Well as most of you know, my son’s father decided that he no longer wanted to be with us and left a few weeks ago. I found out a few lies that happened while we were still together but other than that I really do not know what lead to him leaving and he’s not saying.

A lot of you have said that we should try to work on things and for personal reasons that I can not and will not discuss publically, that will NEVER happen. My son and I will be fine without him and have actually been really well these past few weeks.

My son has had only one or two meltdowns since he father left which is a HUGE improvement compared to the one or two a week he was having previously. He has also slept all night every night since his father left. He has not slept all night in over a year. He has gained 3 new words. He is happy and bubbly and for all of these reasons I believe, actually I know, we will be fine.

Now that I am single everyone keeps talking to me about dating. Which is something that I don’t think I’m ready to do yet, but when I am ready I will probably be doing online dating.

Now I don’t know about most of you  but some people I know, my mom included, freaked out over that. “You mean meeting strange people you don’t know!???” I’ll explain it to you how I explained it to my mother this afternoon.

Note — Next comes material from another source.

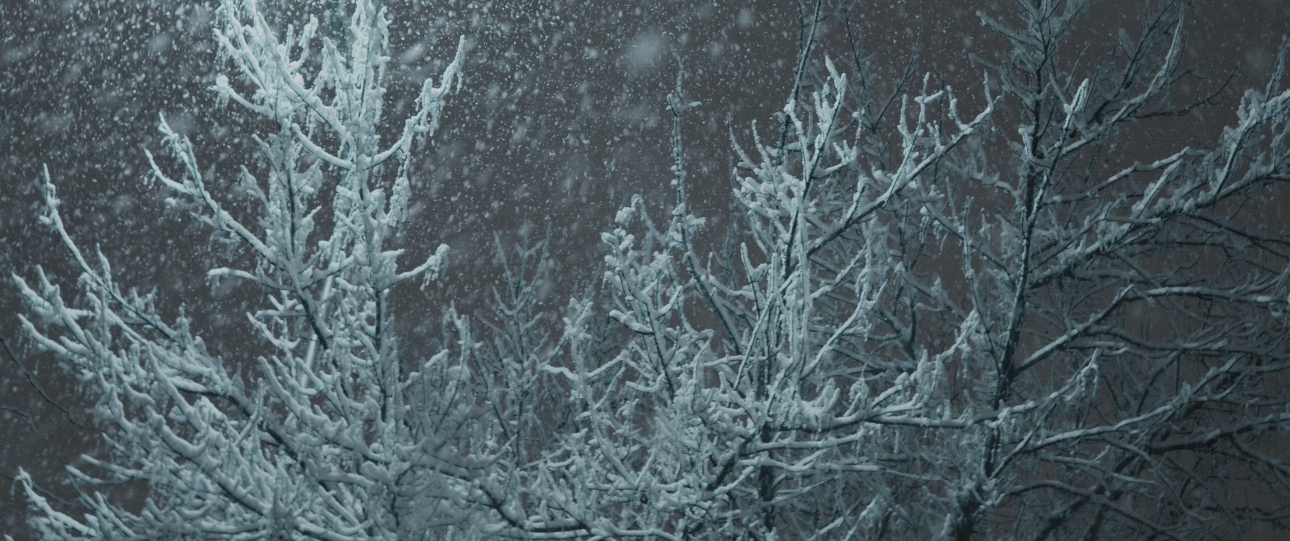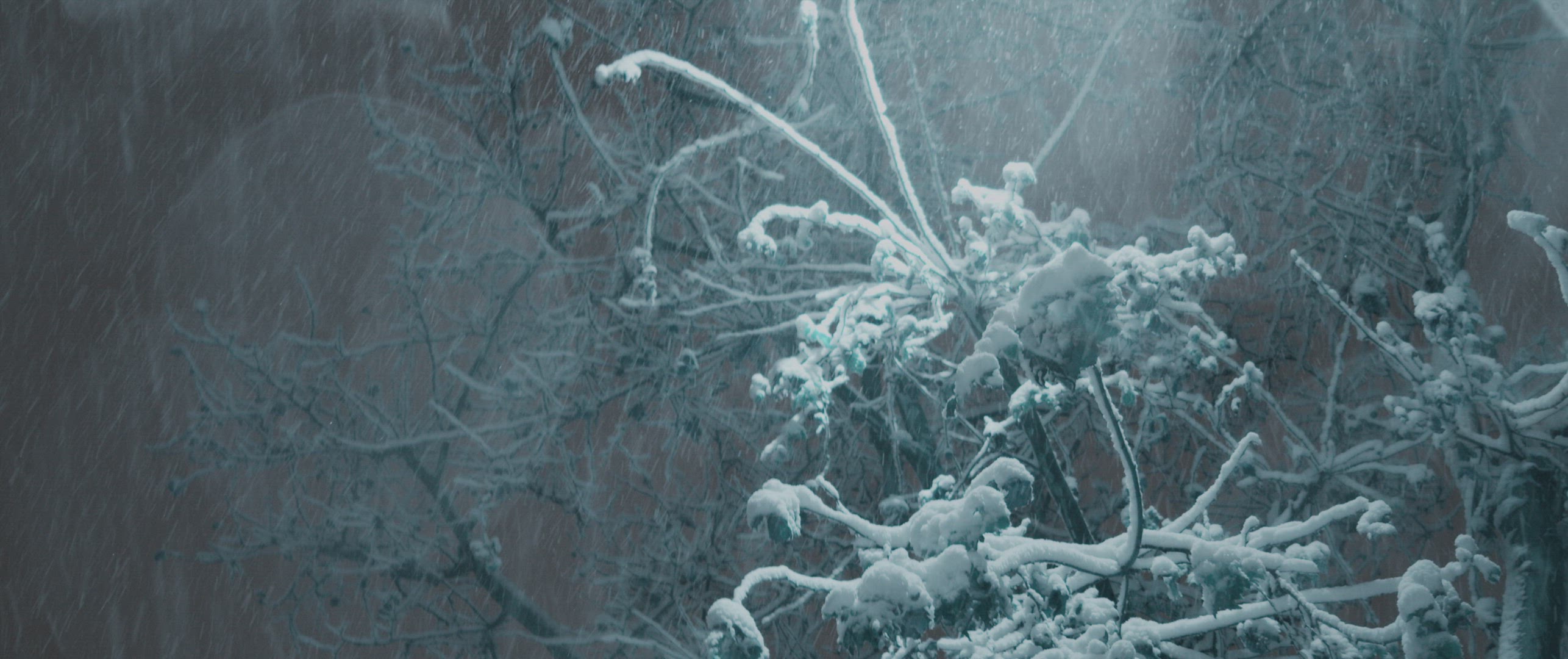 1050397 - Snow falling in front of tree covered in frost

With my aspergers it is hard for me to just go up to people and talk to them. Actually even if they initiate the conversation it is still hard for me to talk. I’ve gotten to the point in life where I can actually look at people now instead of staring at my feet, but talking is just still way too awkward for me. I might say the occasionally hey how are you, but other than that, I am at a loss of words. Sometimes I don’t know what to say or sometimes I tend to talk way too much and bore people. So because of this I am usually quiet.

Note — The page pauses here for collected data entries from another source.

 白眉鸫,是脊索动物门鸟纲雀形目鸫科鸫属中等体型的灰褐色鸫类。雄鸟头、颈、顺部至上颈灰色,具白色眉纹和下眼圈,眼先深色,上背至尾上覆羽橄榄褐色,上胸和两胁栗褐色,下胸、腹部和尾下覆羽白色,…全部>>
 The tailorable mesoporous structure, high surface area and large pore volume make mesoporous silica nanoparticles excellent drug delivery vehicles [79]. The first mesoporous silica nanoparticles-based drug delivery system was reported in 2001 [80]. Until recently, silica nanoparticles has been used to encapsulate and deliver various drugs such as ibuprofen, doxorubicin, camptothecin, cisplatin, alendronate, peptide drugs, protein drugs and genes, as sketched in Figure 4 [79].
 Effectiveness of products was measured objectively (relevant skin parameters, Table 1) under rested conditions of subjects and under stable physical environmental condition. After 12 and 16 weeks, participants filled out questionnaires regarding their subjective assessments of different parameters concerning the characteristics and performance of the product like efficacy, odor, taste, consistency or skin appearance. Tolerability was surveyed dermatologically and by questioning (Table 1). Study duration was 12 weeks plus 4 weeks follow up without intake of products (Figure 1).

Meeting someone on the internet is easier because I don’t have to think about my tone of voice or if I’m rambling. I don’t have to worry about if I’m looking at them. I get a chance to talk to someone and kind of explain myself before hand to make things less awkward once you met in public.

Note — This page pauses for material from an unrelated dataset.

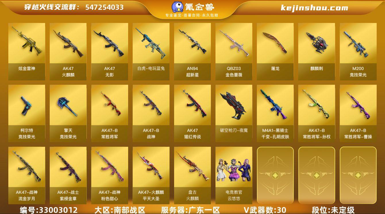 广东一区-31V-0王者武器数-1炫金武器数 【热门武器】:QBZ03-金色蔷薇,M200-竞技荣光,死亡之眼,白虎-电玩蓝兔 【王者炫金武器】:炫金雷神 【皮肤】:火麒麟-平天大圣*2,火麒麟-盘古,M4A1-千变-孔明皮肤,战神-粉色甜心皮肤,战神-紫绶金章皮肤,战神-流金岁月皮肤*3,AK47-B-常胜将军-曹操,AK47-B-常胜将军-孙权*2 【角色】:电竞教官-云悠悠,斗烈龙骑,芳心审判者,风暴女,葵-赛博朋克,灵动武士,灵狐者-七夕宝贝,龙儿-小淘气,潘多拉-X,樱-战斗天使,影武者-X 【人偶武器】:COP-旗袍,迷你深渊冰龙,夺魂,深渊终结者手雷,迷你超能女侍 【暴走生化】:死亡之眼,超级对讲机 【挑战大师】:激光毁灭者III,试炼破坏者III 【英雄级武器】:AK47-火麒麟,AK47-无影,AN94-超新星*3,QBZ03-金色蔷薇,AK-47-猩红传说,AK47-B-战神,AK47-B-常胜将军,白虎-电玩蓝兔,天罚-斗烈龙驹,M200-竞技荣光,柯尔特-竞技荣光,破空枪刃-夜魔,屠龙,麒麟刺,擎天-竞技荣光,屠龙-斗烈龙驹,高爆手雷-竞技荣光*3,闪光弹-竞技荣光*3,烟雾弹-竞技荣光*3 【其他武器】:源·雷神,雷神-赛博幻想,源·毁灭,御·炼狱-女娲,魂·修罗-现代金属,魂·天神-宇航兔兔 【道具】:炫彩背...

My mom thinks the internet is full of “strange, weird people”, so I logged on to a dating site and showed her who my matches would be. Guess who the first 4 were? Guys I went to high school with. Weird and strange? Maybe. But not in the sense she is thinking.

So. Tell me how your aspergers affects you socially. Tell me if you’ve ever tried online dating and how it went. And tell me how your lives have been in general.

 

I’ve had a bit of a writer’s block lately but I think I’m finally over that, so prepare to hear from me a lot more!